Would you please transcribe the listing exactly, with no images?

DATA SHOWN
* * * * * * * * *

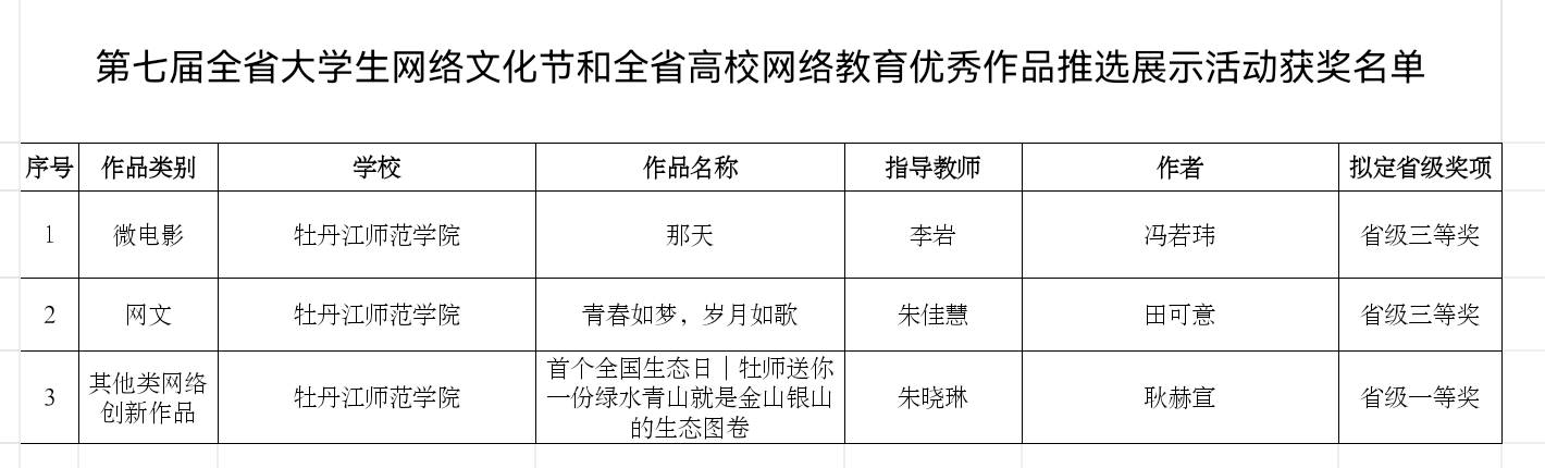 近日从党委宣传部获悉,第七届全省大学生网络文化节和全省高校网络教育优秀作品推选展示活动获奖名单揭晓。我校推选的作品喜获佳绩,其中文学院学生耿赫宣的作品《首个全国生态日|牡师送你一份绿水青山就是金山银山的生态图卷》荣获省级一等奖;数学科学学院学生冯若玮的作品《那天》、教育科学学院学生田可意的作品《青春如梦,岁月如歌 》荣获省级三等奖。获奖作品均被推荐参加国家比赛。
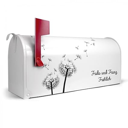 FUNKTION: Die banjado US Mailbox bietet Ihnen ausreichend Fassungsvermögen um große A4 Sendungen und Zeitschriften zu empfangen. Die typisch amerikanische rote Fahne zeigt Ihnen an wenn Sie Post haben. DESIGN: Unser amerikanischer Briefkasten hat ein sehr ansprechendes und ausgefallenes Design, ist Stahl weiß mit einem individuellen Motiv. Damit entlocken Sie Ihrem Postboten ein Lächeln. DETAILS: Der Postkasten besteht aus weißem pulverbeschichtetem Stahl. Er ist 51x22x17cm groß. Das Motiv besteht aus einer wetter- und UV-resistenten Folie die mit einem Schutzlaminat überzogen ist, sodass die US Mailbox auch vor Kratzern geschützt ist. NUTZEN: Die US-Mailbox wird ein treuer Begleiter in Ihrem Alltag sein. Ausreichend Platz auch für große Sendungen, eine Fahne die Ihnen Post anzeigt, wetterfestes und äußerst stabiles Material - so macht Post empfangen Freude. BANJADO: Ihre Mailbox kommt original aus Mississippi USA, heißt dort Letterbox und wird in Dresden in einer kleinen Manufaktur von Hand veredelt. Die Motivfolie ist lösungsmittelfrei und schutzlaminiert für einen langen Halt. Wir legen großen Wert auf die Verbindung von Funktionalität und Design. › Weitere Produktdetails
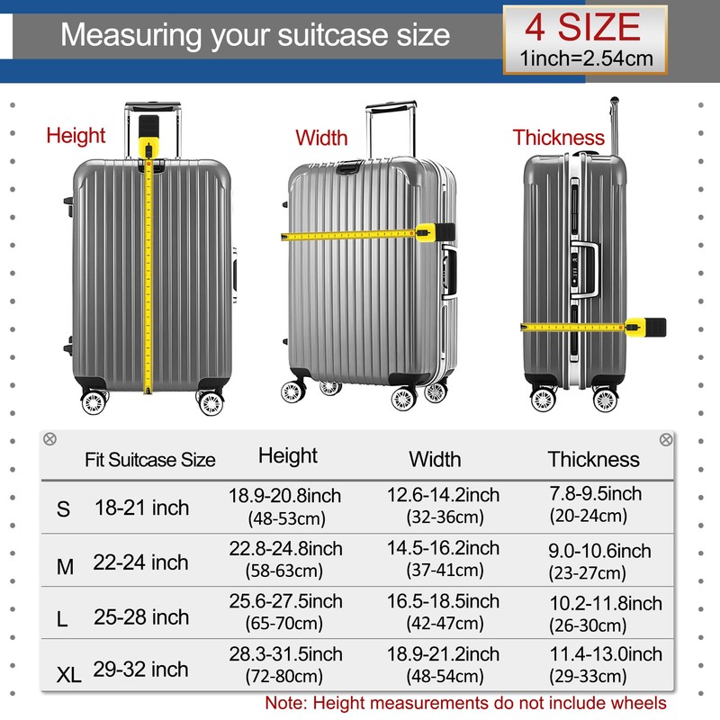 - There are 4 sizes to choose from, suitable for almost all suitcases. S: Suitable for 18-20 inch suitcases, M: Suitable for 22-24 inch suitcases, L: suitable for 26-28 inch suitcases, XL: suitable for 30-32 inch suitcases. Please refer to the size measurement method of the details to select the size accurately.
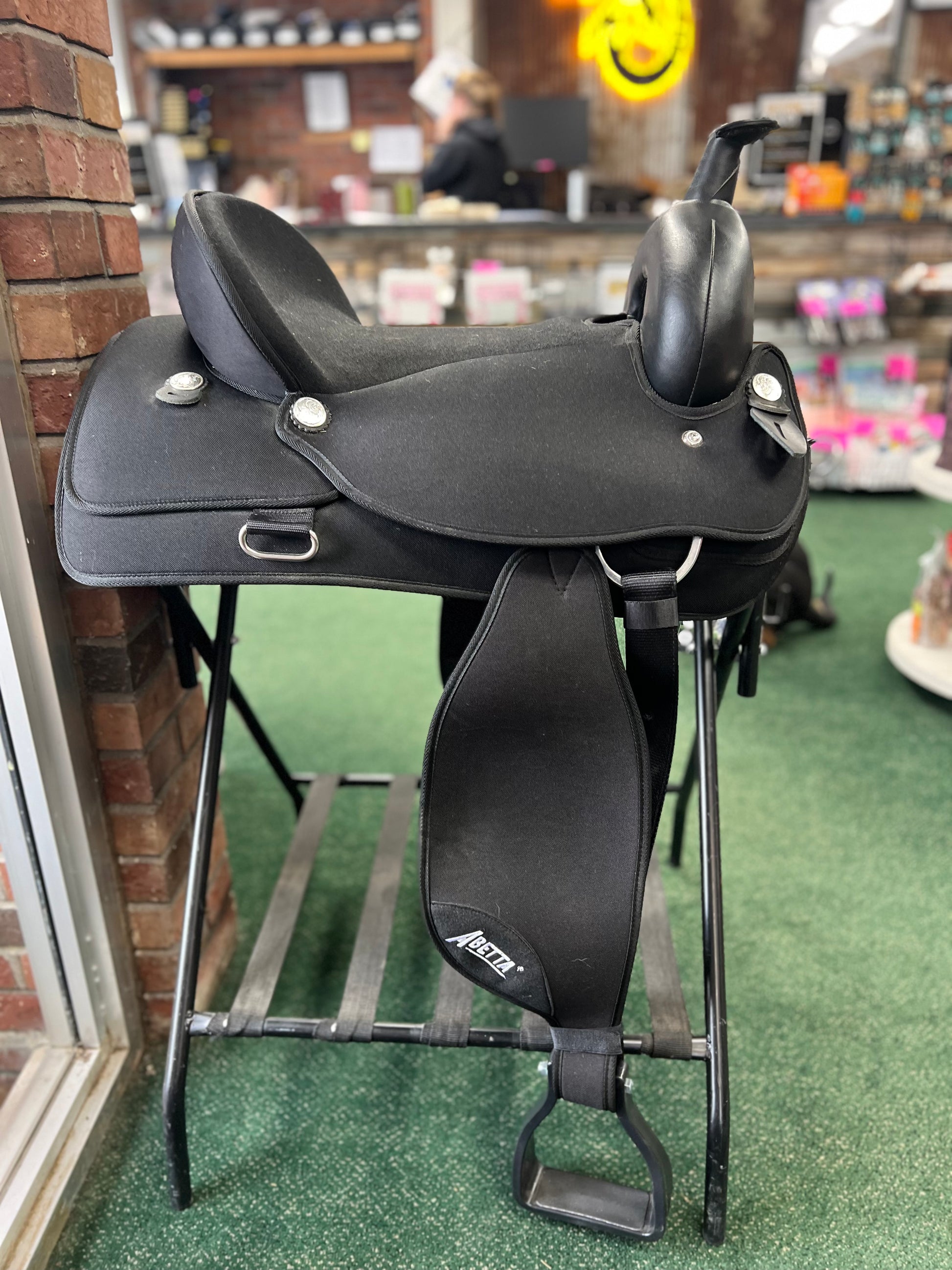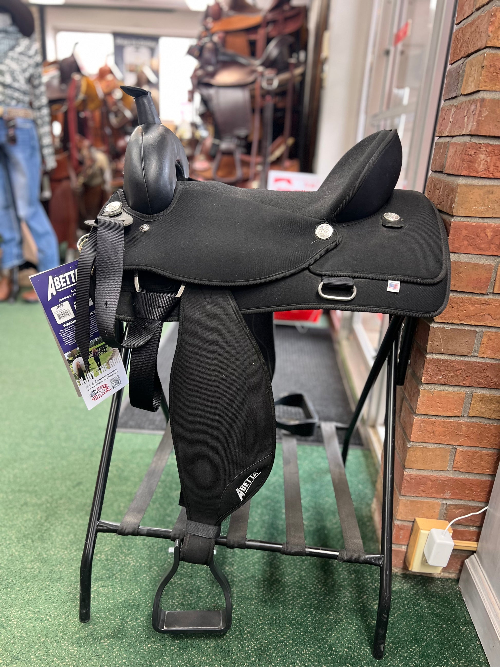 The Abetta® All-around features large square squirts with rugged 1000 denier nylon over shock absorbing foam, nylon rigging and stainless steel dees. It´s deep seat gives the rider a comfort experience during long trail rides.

* * * * * * * * *

SOLVED EXERCISE
 近日从党委宣传部获悉,第七届全省大学生网络文化节和全省高校网络教育优秀作品推选展示活动获奖名单揭晓。我校推选的作品喜获佳绩,其中文学院学生耿赫宣的作品《首个全国生态日|牡师送你一份绿水青山就是金山银山的生态图卷》荣获省级一等奖;数学科学学院学生冯若玮的作品《那天》、教育科学学院学生田可意的作品《青春如梦,岁月如歌 》荣获省级三等奖。获奖作品均被推荐参加国家比赛。
 FUNKTION: Die banjado US Mailbox bietet Ihnen ausreichend Fassungsvermögen um große A4 Sendungen und Zeitschriften zu empfangen. Die typisch amerikanische rote Fahne zeigt Ihnen an wenn Sie Post haben. DESIGN: Unser amerikanischer Briefkasten hat ein sehr ansprechendes und ausgefallenes Design, ist Stahl weiß mit einem individuellen Motiv. Damit entlocken Sie Ihrem Postboten ein Lächeln. DETAILS: Der Postkasten besteht aus weißem pulverbeschichtetem Stahl. Er ist 51x22x17cm groß. Das Motiv besteht aus einer wetter- und UV-resistenten Folie die mit einem Schutzlaminat überzogen ist, sodass die US Mailbox auch vor Kratzern geschützt ist. NUTZEN: Die US-Mailbox wird ein treuer Begleiter in Ihrem Alltag sein. Ausreichend Platz auch für große Sendungen, eine Fahne die Ihnen Post anzeigt, wetterfestes und äußerst stabiles Material - so macht Post empfangen Freude. BANJADO: Ihre Mailbox kommt original aus Mississippi USA, heißt dort Letterbox und wird in Dresden in einer kleinen Manufaktur von Hand veredelt. Die Motivfolie ist lösungsmittelfrei und schutzlaminiert für einen langen Halt. Wir legen großen Wert auf die Verbindung von Funktionalität und Design. › Weitere Produktdetails
 - There are 4 sizes to choose from, suitable for almost all suitcases. S: Suitable for 18-20 inch suitcases, M: Suitable for 22-24 inch suitcases, L: suitable for 26-28 inch suitcases, XL: suitable for 30-32 inch suitcases. Please refer to the size measurement method of the details to select the size accurately.
 The Abetta® All-around features large square squirts with rugged 1000 denier nylon over shock absorbing foam, nylon rigging and stainless steel dees. It´s deep seat gives the rider a comfort experience during long trail rides.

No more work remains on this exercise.